Время обедать. Решили с коллегой для разнообразия съесть по кебабу. Нашли, поели. Да, коллега – не врач, нечто среднее между медбратом и социальным работником.
К следующему пациенту едем опять в другой город. Тридцатилетний мужчина, оставшийся в счастливом десяти-двенадцатилетнем возрасте. Дома – огромная коллекция лего, каждые две недели он меняет в комнате обстановку в соответствии со сценами из «Звездных войн». Еще у него в тазике живут шесть черепашек, он каждую различает по имени. Он носит одежду одного из персонажей фильма, вооружается светящимся пластиковым мечом и разгуливает по городу, чем привлекает к себе внимание подвыпивших подростков, которые его провоцируют. Только у него на этот случай есть настоящий нож. А еще он года четыре занимался боевыми искусствами.

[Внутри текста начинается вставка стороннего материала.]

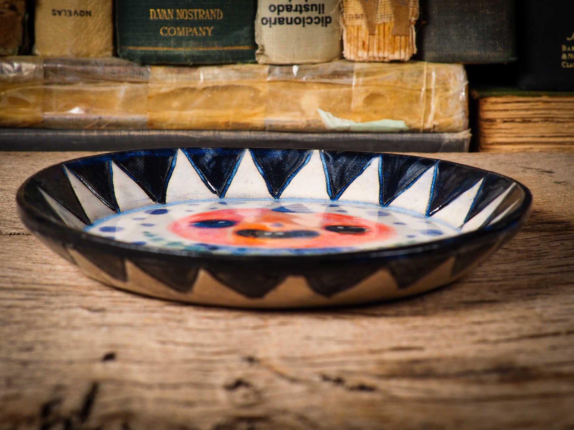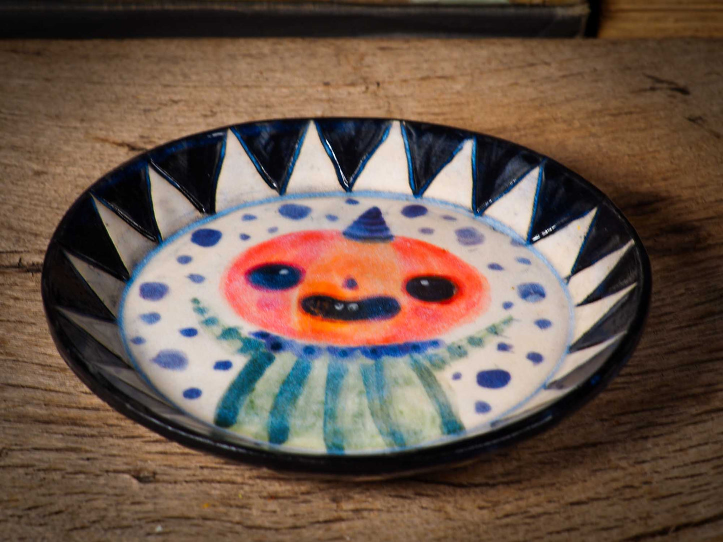 This is an original Halloween ceramic plate, handmade by Idania Salcido, the artist behind Danita Art. It measures approx. 6 diameter, with fire glazed ceramics with an original Halloween themed original painting by Idania Salcido (Danita Art). Food safe stoneware, hand wash only.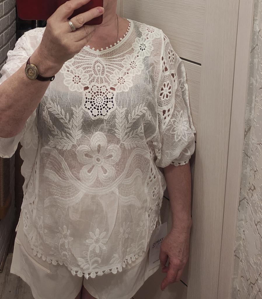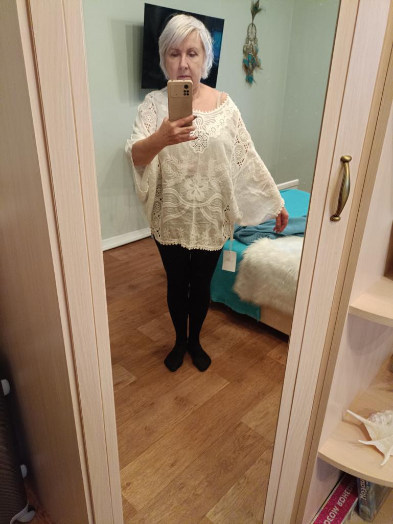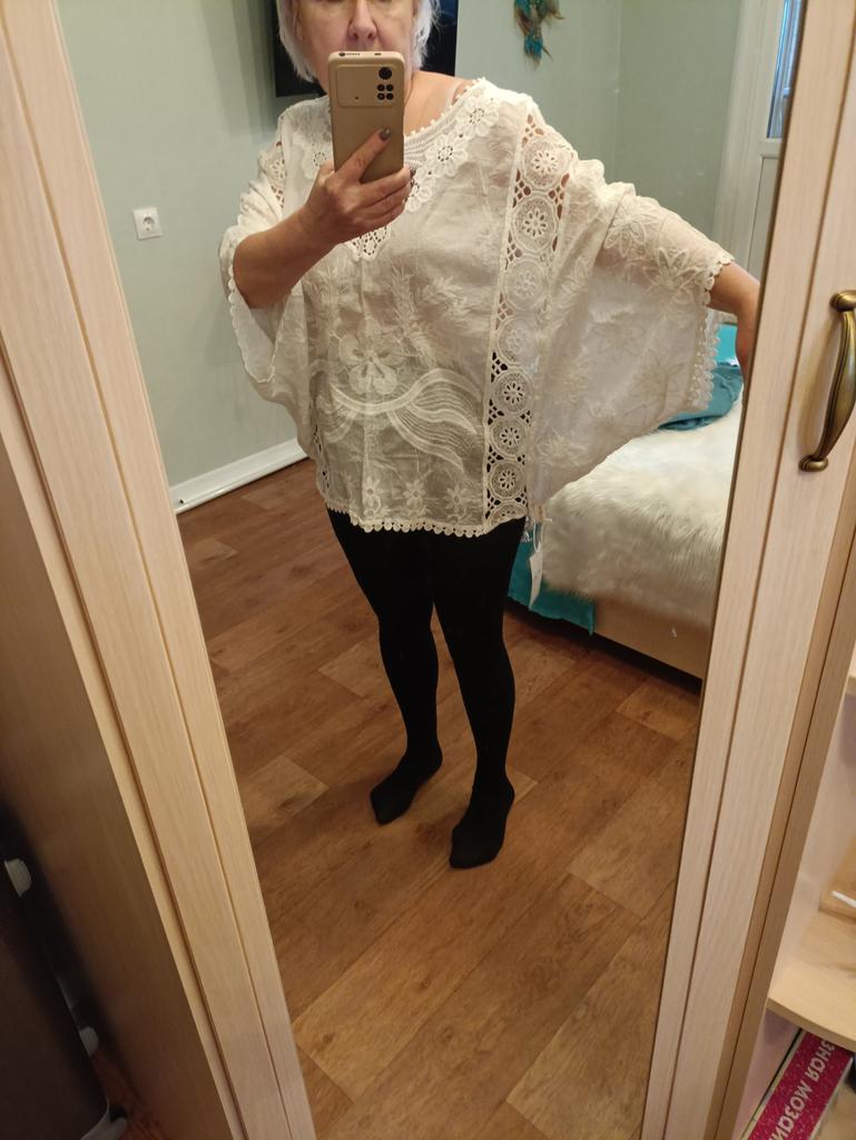 For 50-52-- just right. Great blouse, everything corresponds to the description and photo. Thank you.

Пока еще ничего не произошло, но вчера был очередной инцидент, и он вернулся домой страшно возбужденный. Одел костюм комбата (знать бы еще, что это), вооружился светящимся мечом, взял керамический нож и хотел пойти искать обидчиков, чтобы их наказать. К нему каждый день ходит служба опеки, и женщине стоило больших трудов уговорить его не делать этого.
Похоже, он в детстве подвергался сексуальному насилию и с семи до двенадцати лет вообще не разговаривал. Потом как-то подростки пытались топить его в бассейне. С тех пор он не моется под душем, в раковине как-то умудряется.
Это был мой пятый визит к нему и – наконец-то! Две недели назад он начал принимать медикаменты и стал лучше спать. До этого он много лет отказывался брать любые таблетки. Но его продолжают каждую ночь мучить кошмары. Закрепляю успех и договариваюсь, что он будет принимать дополнительные лекарства, чтобы спать спокойно. И он соглашается! Через две недели заеду к нему. Перед моим уходом он с гордостью показывает светящуюся полоску из лампочек на потолке, управляемую пультом. Я восторгаюсь.
Едем дальше. В машине получаю сообщение, что должен позвонить маме одной пациентки. Она говорит, что в связи с переездом дочь возбуждена, и надо бы дозу препаратов, которую мы понижаем, временно опять повысить. Спрашиваю, достаточно ли будет две таблетки повысить до трех, она говорит: лучше до четырех. Я соглашаюсь, она благодарит. Завтра выпишу. Я видел эту пациентку всего один раз до этого, поэтому доверие мамы, которая ее опекает, очень важно.
Последний пациент. Встречаемся на парковке. Мужчина, тридцать семь лет, шесть лет живет на улице. Медицинской страховки нет, пособия не получает. Последний месяц живет у бывшей жены, с которой прожил одиннадцать лет и шесть лет назад расстался. Тогда же и начал пить по три-пять литров пива каждый день. У него дислексия, то есть он не понимает прочитанного. IQ низковат – до четырнадцати лет учился в спецшколе. Мы занимаемся восстановлением пособия и страховки, для этого надо, чтобы его обследовал наш психолог. Договорились, что его тесть привезет его к нам на полдня, это – двести пятьдесят километров, на минуточку!
Решаем поговорить с ним в каком-нибудь кафе за столиком. Мне нужно собрать анамнез, поставить диагноз, написать заключение. Заказываем: нам – кофе, он себе – пиво, потом – второе пиво. Мне это все в новинку, я еще никогда не разговаривал с пациентами в кафе. В машине на стоянке – было дело. А в конце встречи – та-да-да-даааа…Он достает из сумки пачку банкнот, кладет на стол пятьдесят евро и платит за всех! Я благодарю, мы дружески расстаемся. За меня еще пациенты не платили.
Коллега объяснил, что он ворует и подрабатывает по-черному. Полиции еще ни разу не попадался.
В 18:30 приезжаем в Бреду, в 19:30 я дома. Вот такой был день. В принципе, обычный. Завтра буду выписывать рецепты, писать репортажи, ну и что бог пошлет. Ах да, придет один пациент в контору – если придет, и еще к одному отвезут – если он не передумает.